Farmers are the best at what they do, actively removing carbon from the atmosphere and doing it cheaper than anyone else. How can more people buy into this practice so researchers can quantify agriculture’s role in the carbon cycle into something meaningful?

Carbon catalyst program manager, Russell Booth with Indigo Ag encouraged producers at the annual Kansas Ag Research and Technology Association conference to make the switch to regenerative agriculture for profit incentives in addition to the benefit of running an eco-friendly operation using a carbon credit program.

Russell Booth Indigo Ag

Carbon credits, paid out from corporate partners, incentivize farmers to switch to regenerative ag practices. On the flip side, companies, known as the buyers, are incentivized to spend less on transportation by supporting local. In time, both parties work equally to reduce greenhouse gas emissions.
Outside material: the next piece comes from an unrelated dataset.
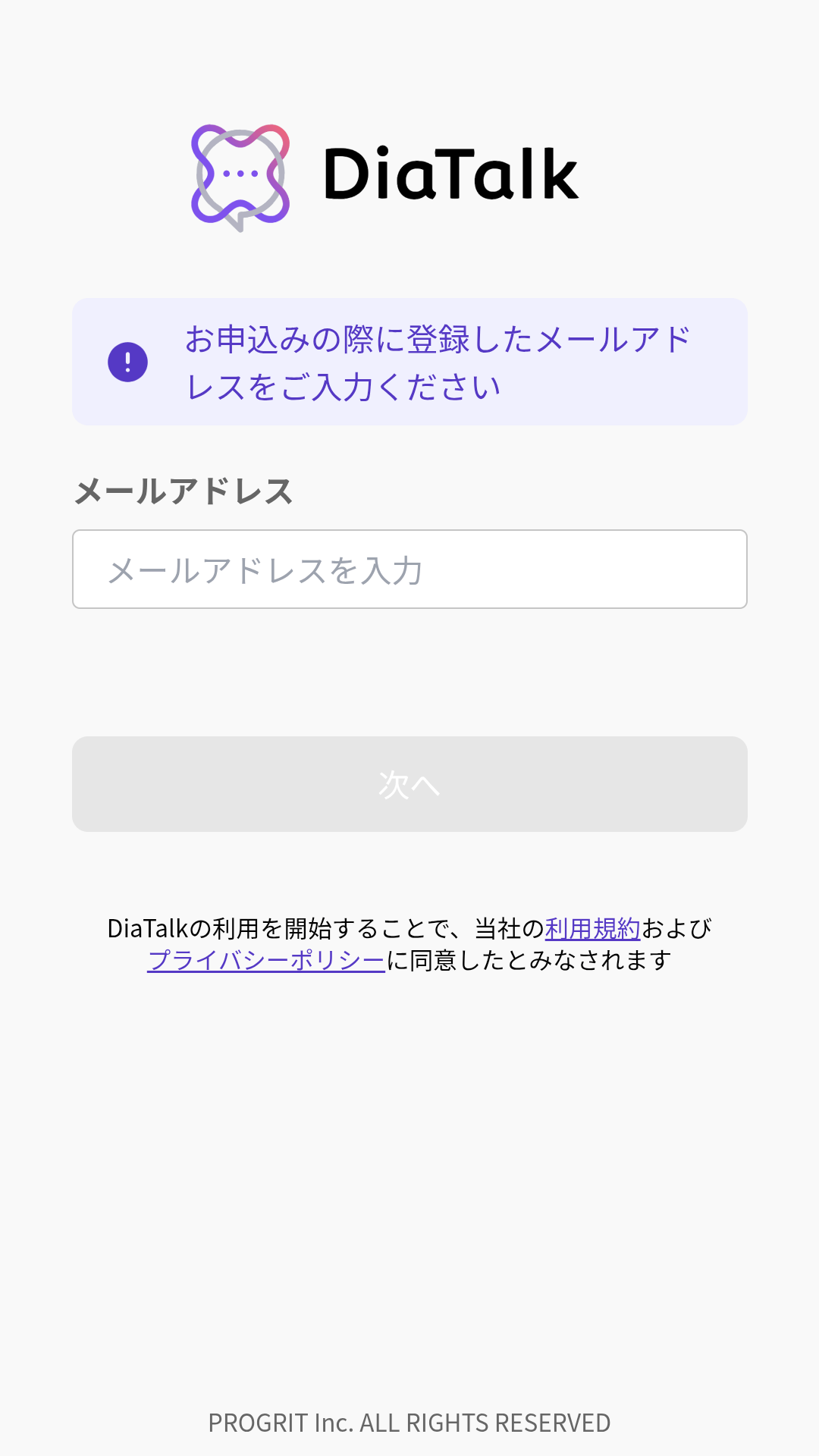 アプリを起動したら、先ほど登録したメールアドレスを入力して進みます。

“This is built to match buyers to growers,” Booth said. “A buyer may want it to come down to location. They don’t want to be trucking grain from the Dakotas all the way over to [their] facility. So maybe they need something a little bit closer because that may directly impact their supply chain and they can say, ‘Hey, we’re actually being a good steward. I’m not emitting as much CO2’ and all that fun stuff that we’d like to talk about in a sustainable space.”

Reducing greenhouse gas emissions is the end goal on both sides of the spectrum. Using the registry-issued carbon credits system through Indigo Ag, farmers can be paid to switch to sustainable farming practices and cover crops to capture carbon in the atmosphere.
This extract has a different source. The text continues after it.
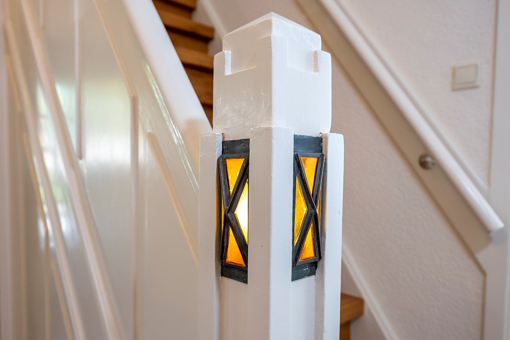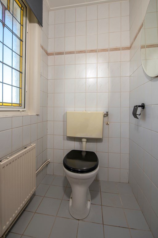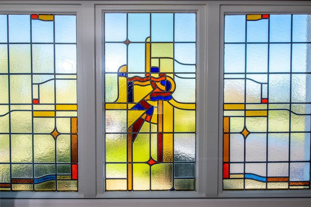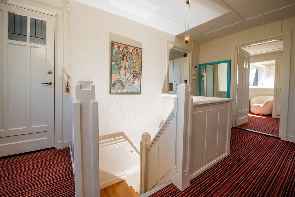 Via de trap in de hal bereikt u de 1e verdieping met een ruime overloop en alweer met prachtige glas-in-lood details. Op de verdieping bevinden zich 2 ruime slaapkamers, 1 kleinere slaapkamer, de 2e badkamer (met douche en vaste wastafel) en een separaat 2e toilet.
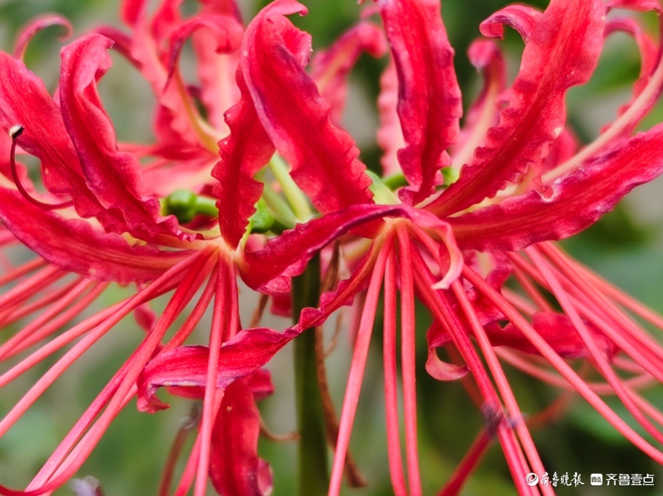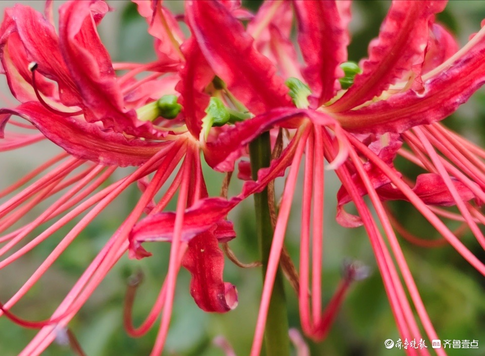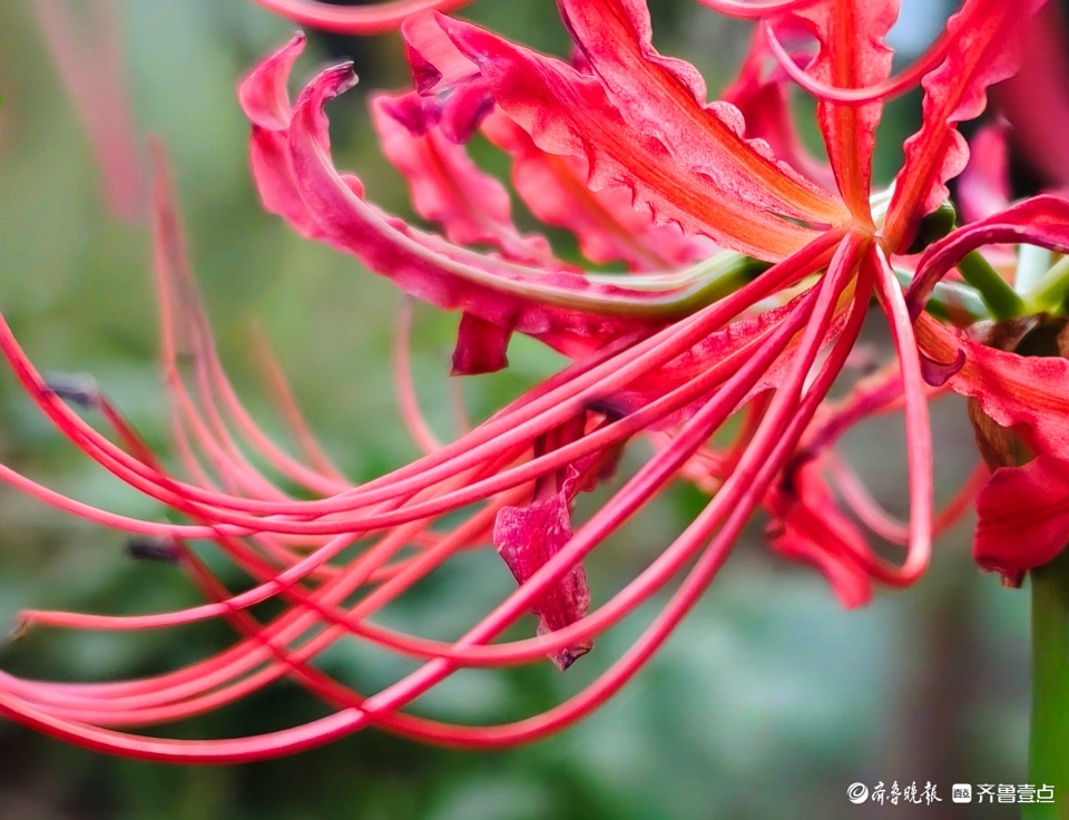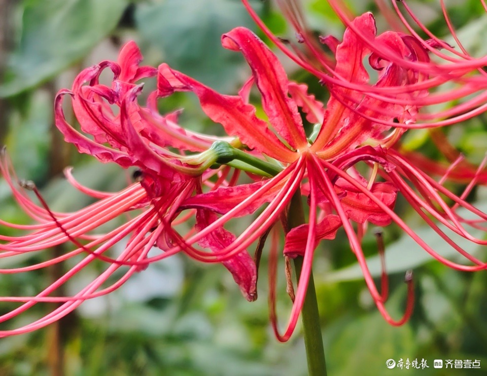 清晨,邻居种植的龙爪花开出花儿,奇怪的是花开不见叶。这种花是茎秆从地面突然冒出,在顶端绽放花朵,所以也称为“平地一声雷”。 (高军 摄)

“The challenge is it costs money to measure and verify,” Booth said. “Ideally, when we go do this, we want to sample every single field. But that’s where management systems come into play.”

Indigo Ag is working to solve three main challenges the carbon system is facing. The cost to measure and verify carbon conversion, the lack of technology to guide a change to regenerative practices and finding an acceptable financial incentive for improving farming behaviors.

“Farming is here. It’s now. It’s something we’re doing year in and year out. If we can model it, quantify it, verify it and get the growers paid for it. Why not do it?” Booth said. “You’ve got to look at the bigger picture and say, we may not be able to solve all of it, but can it help make an impact?”

Through Indigo’s system, carbon sequestration can be proved to the buyer through soil sampling and documentation of cover crops used. If carbon sequestration cannot be proven, producers aren’t getting paid.

“What we’re learning is when we go to work for these verifiers, buyers want to know if their dollars invested actually made a change,” Booth said.

With higher data collection and monetary gain, accuracy can be improved. So long as data is being provided through a third-party source, buyers can remain confident dollars are going toward their intended farming practices.

“The unbiased approach is something that is a requirement for us to meet,” Booth said. “We can estimate emission reductions and uncertainty and calculate the credits. Our model also gives credit for abatement. What that means is a grower that may have been full tillage and reduced tillage isn’t taking as many passes. If he’s not taking as many passes, he’s not emitting as much and that gives him credit.”

Booth said if farmers can still feel competent with their operation and it puts an extra dollar in their pocket, why not do it? The system improves farm economics for a healthier planet and farming is done a little bit cleaner and greener.

“[We need to] demonstrate that the transition to regenerative practices increases soil organic carbon and nutrient concentrations, identify specific areas where regenerative practices are more profitable and can increase organic carbon and nutrient concentrations in the field,” Booth said. “The value to the grower is to generate increased returns by lowering input costs without incurring losses while improving on resiliency, water stress, pest pressure and time.”

Making the system attractive on more than just a money front is key to long-term success and change within the industry.

“We are making sure we’re putting the growers in a position to succeed with these regenerative practices, and not just saying, ‘Yeah, do it for the money,’” Booth said. “Again, we’ve got to be able to get some of this data back from the grower. The grower agrees on a minimum of three to five years, so they’re able to get us the data we need and transfer it in an acceptable manner.”

The idea is for corporate partners to pay out a premium per bushel on the number of regenerative practices used. Single farm scale can be increased over time for long-lasting carbon sequestration. To see the full program or get involved and learn more, Booth recommends visiting www.indigoag.com/carbon/progress.

“We’re not out there recommending like $80 an acre on cover crops,” Booth said. “We’re actually saying start slow and take this approach and do it slowly and more like $20 to $25 per acre, something like that.”